Two maize NPFs belonging to the AtNPF6.3 sub‐clade, ZmNPF6.4 and ZmNPF6.6, were shown to transport both NO3 and Cl (Wen et al, 2017). To test the Cl transport ability of the MtNPFs we studied their electrophysiological characteristics in Xenopus oocytes exposed to Cl. The steady‐state currents of the transporter activity were measured as a function of membrane voltage and Cl concentration in oocytes that had been injected with water or cRNAs of the three MtNPFs. AtNPF6.3 was also studied for comparison. No Cl‐elicited currents for water, AtNPF6.3, MtNPF6.7 and MtNPF6.6 injected oocytes could be measured when exposed to 40 mM of Cl at pH 5.8 (see Fig 5A, Appendix Fig S2) for results without subtraction of the water injected controls).
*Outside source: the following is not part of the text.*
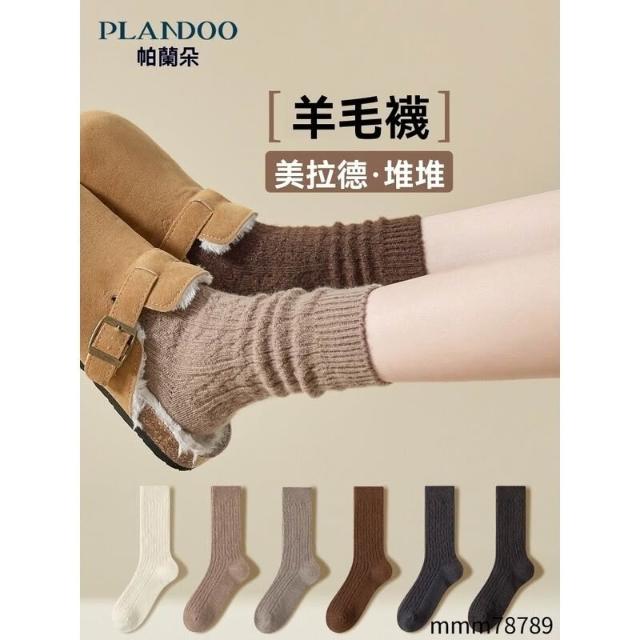 台灣出貨/日系純色羊毛中筒襪 堆堆襪 女襪 羊毛襪 雪地襪 襪子 毛巾襪 中筒襪羊毛襪子女秋冬款中筒襪加絨加厚保暖冬季美

In contrast, voltage dependent currents were recorded for MtNPF6.5 expressing oocytes (Fig 5A, Appendix Fig S2A). However, there was no difference in the I‐V response between the water injected controls and any of the cRNA injected oocytes exposed to 40 mM Cl at pH 7.4 (Fig 5B, Appendix Fig S2B). This suggested that MtNPF6.5 can transport Cl and the mechanism is facilitated by a proton gradient across the plasma membrane. We further exposed the water injected and the MtNPF6.5 expressing oocytes to Cl ranging from 1 to 120 mM at pH 5.8. The water injected oocytes were exposed to different concentrations of Cl and, based on the I‐V response, no obvious Cl‐elicited currents were recorded (Fig 5C). The currents elicited in the MtNPF6.5 injected oocytes (corrected for the currents in water injected controls at the same Cl concentrations) are shown in Fig 5D (see Appendix Fig S2C for the results without subtracting the water‐injected controls). Consistent with Fig 5A, Cl (> 20 mM) related I‐V response were recorded and the current elicited increased with increasing Cl concentrations. These I‐V difference curves could be fitted to a Michaelis–Menten function and the fit for −140 mV is shown in Appendix Fig S2D. The voltage dependence of the kinetic parameters for −20 mV to −140 mV are shown in Appendix Fig S2E and F. Both Km and imax were voltage independent. The Km values for Cl between −60 to −140 mV ranged from about 90 mM to above 150 mM.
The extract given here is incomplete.